← Back to Blog
Guides6 min read

Working with Xbox Achievements

Fetch achievement lists, track unlock progress, and display gamerscore in your app.

Achievements are core to the Xbox experience. Whether you're building a stats tracker, a completionist tool, or just want to show off rare unlocks, here's how to work with achievement data.

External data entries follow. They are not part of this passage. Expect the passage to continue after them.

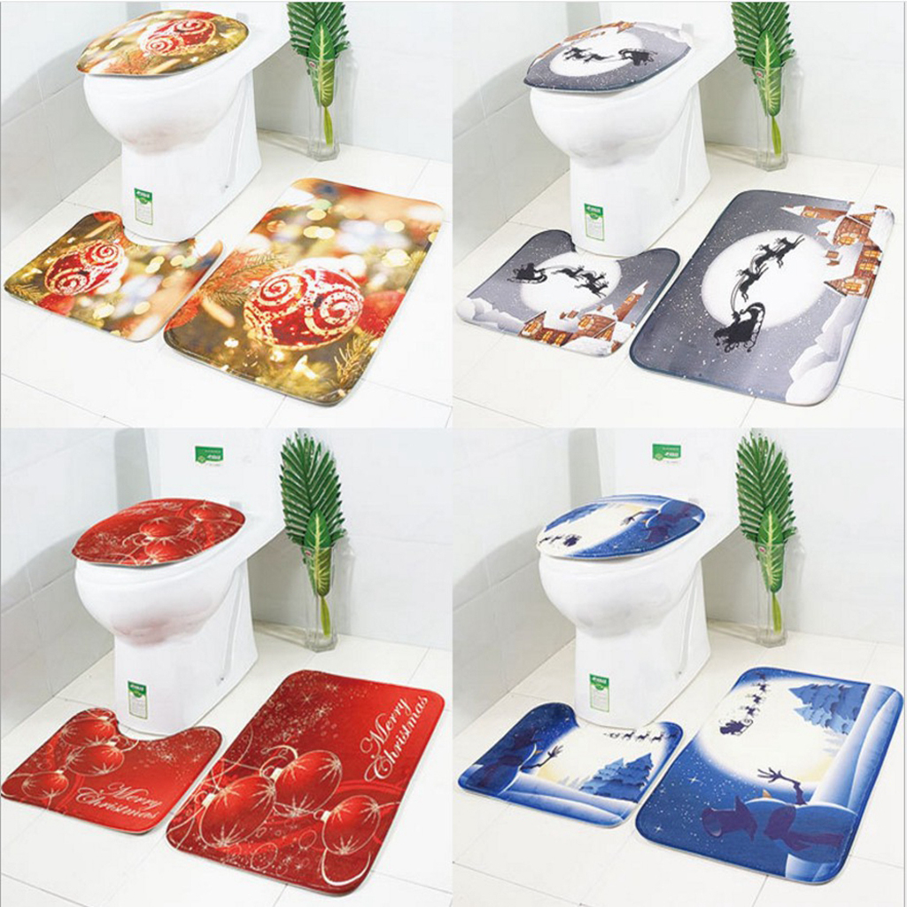 3 шматки Різдвяні стилі, що не є фланелевими обкладинками для туалетної ванної килима, душ м'якого комбінування Padan
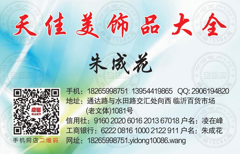 临沂天佳美饰品大全名片-13954419865
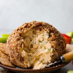This is my go-to classic cheese ball! It’s deliciously cheesy with cream cheese, cheddar cheese, green onion, and seasonings shaped into a ball and rolled in crunchy pecans. It’s packed with flavor and makes the best holiday appetizer!
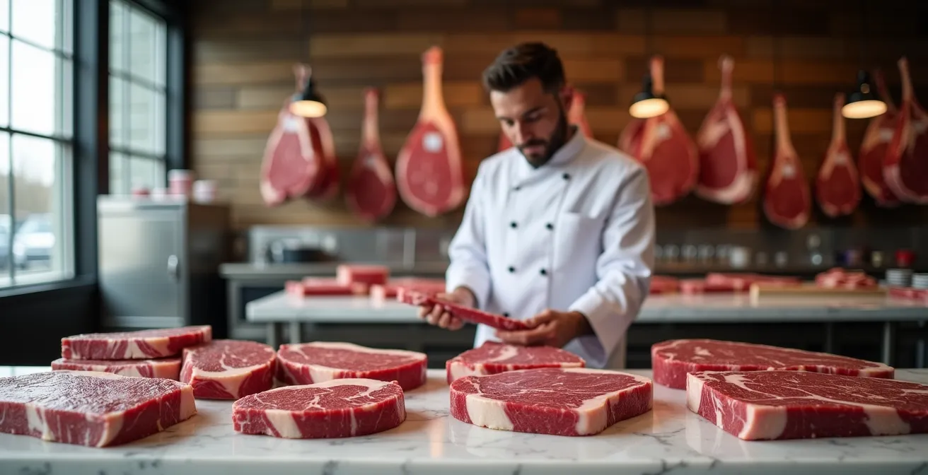 The secret isn’t just in deciphering grades, but in learning to read the meat itself. The true difference between Alberta and Texas beef, for instance, lies in the nutty, clean flavour imparted by our local barley. The choice between a fresh steak and a 45-day dry-aged one is a choice between bright, beefy flavour and deep, funky complexity. This guide will take you beyond the labels and into the mind of a butcher. We’ll explore what makes a dry-aged steak worth the price, decode the “barley signature,” find the perfect cut for a campfire cookout, and uncover the stories that made beef Alberta’s cultural identity. You’ll learn not just how to buy a steak, but how to truly appreciate it.
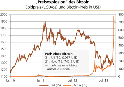 Zum anderen spekulieren Bitcoin-Nachfrager wohl auch darauf, dass der Wert des Internetgeldes (noch) weiter steigen wird gegenüber den Papierwährungen; sie setzen also auf weitere "Kapitalgewinne" des Bitcoin.
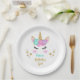 Prato De Papel Festa de aniversário Girl Plate com Unicórn & Name
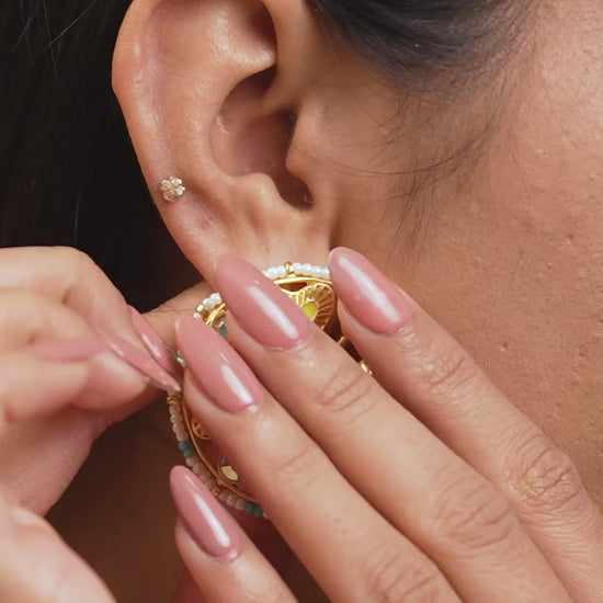 - Plating: Our pieces are flash-plated and should be kept away from moisture, perfumes, and lotions to preserve their shine.
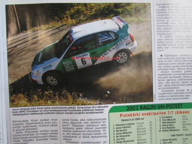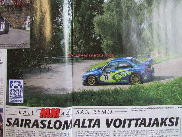 Vauhdin Maailma 2002 nr 11 -mm. Ralli-SM Hyvinkää & San Remo, Ralli-SM Nuoret & Naiset Kerava, F-Cup Tampere, Historic Rally Trophy Alajärvi, Formula 1 Italia &
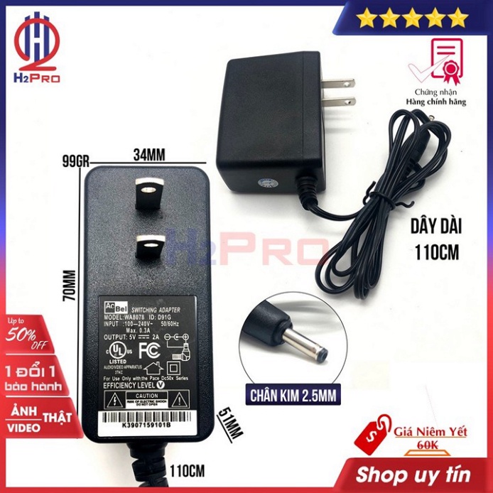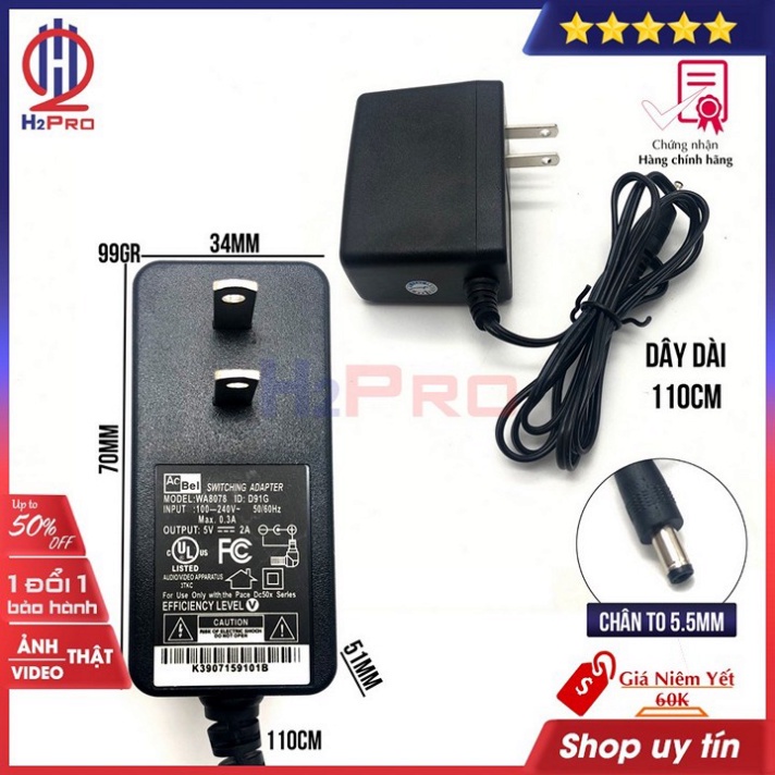 Giới thiệu Củ nguồn 5v 2a ACBEL H2Pro cao cấp-đủ dòng-bền bỉ-dây dài 110cm (1 củ), cục nguồn 5v 2a dùng cho tv box, camera
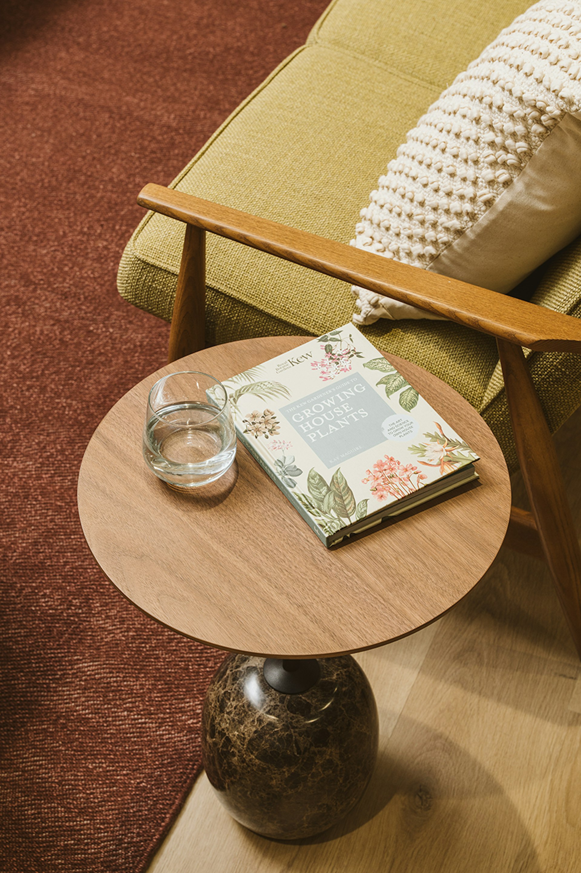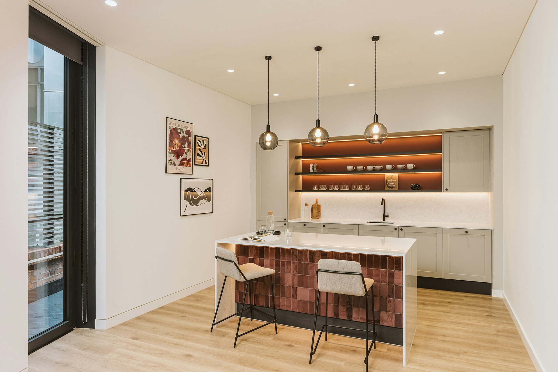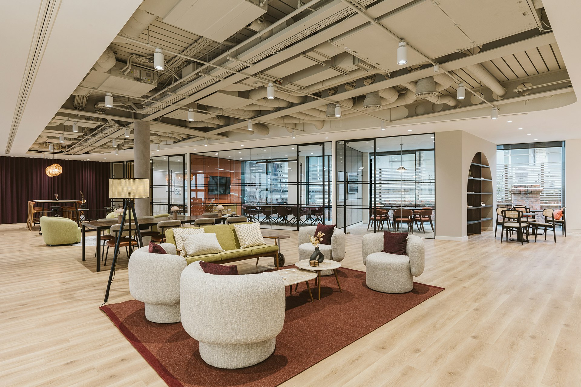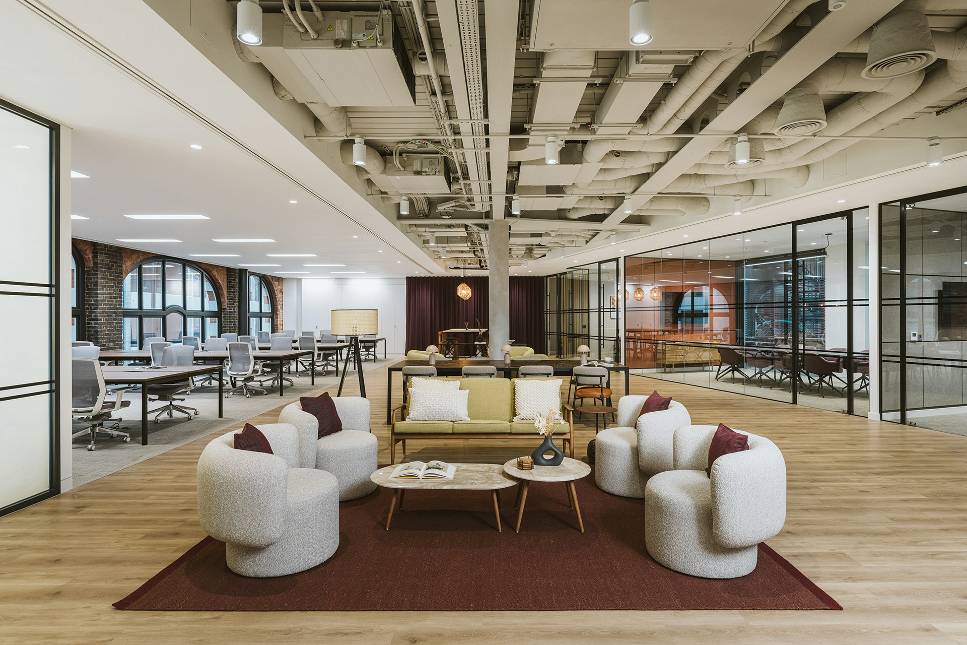 Taking inspiration from the exposed brickwork, we seeded rich maroons, plums and burnt oranges throughout the space. Although bold choices, these vibrant colours fit seamlessly into the scheme, matching the tonal hues of the brickwork. Strategic pops of chartreuse are provided from the furniture pieces, adding a freshness to the space and contrasting against the warmer tones. Alongside this, we selected high contrast colours for the tea point, with white counter tops, black finishes and deep purples and oranges to compliment. With bold choices and eclectic details throughout, this scheme stands out and offers a unique take on CAT A+ - elevating it above its competitors.
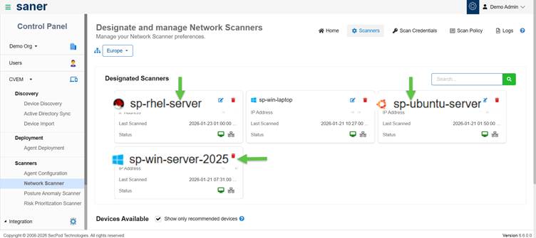 Add and manage network scanners, designate devices as global scanners for use across multiple organizations, sites, or accounts.
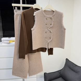 针织衫 妈妈秋装 中老年女装 2025新款 上衣三件套 半高领休闲马甲套装

Fetching a Player's Achievements

To get achievements for a specific game, you need the player's XUID and the game's title ID:

curl -X GET "https://xbl.io/api/v2/achievements/player/XUID/TITLE_ID" \
  -H "X-Authorization: YOUR_API_KEY"

This returns every achievement in the game along with the player's progress. Unlocked achievements include the unlock date and time.

Finding Title IDs

Title IDs aren't always obvious. You can get them from the player's recent games list or search by game name. The recent titles endpoint is usually the easiest approach if you know what games someone plays.

Gamerscore Math

Each achievement has a gamerscore value. Standard achievements are usually 5-100 points. DLC achievements don't count toward the base game total but do add to the player's overall gamerscore.

The player profile endpoint returns total gamerscore directly, so you don't need to sum it yourself unless you're doing per-game breakdowns.

Rare Achievements

Xbox tracks achievement rarity as a percentage of players who've unlocked each one. This data is included in the achievements response. Anything under 10% is considered rare, and under 1% is ultra rare.

Use this to highlight impressive unlocks or build leaderboards around rare achievement hunting.

Handling Large Achievement Lists

Some games have hundreds of achievements (looking at you, Halo MCC). The API paginates results automatically. Check for continuation tokens in the response and make follow-up requests as needed.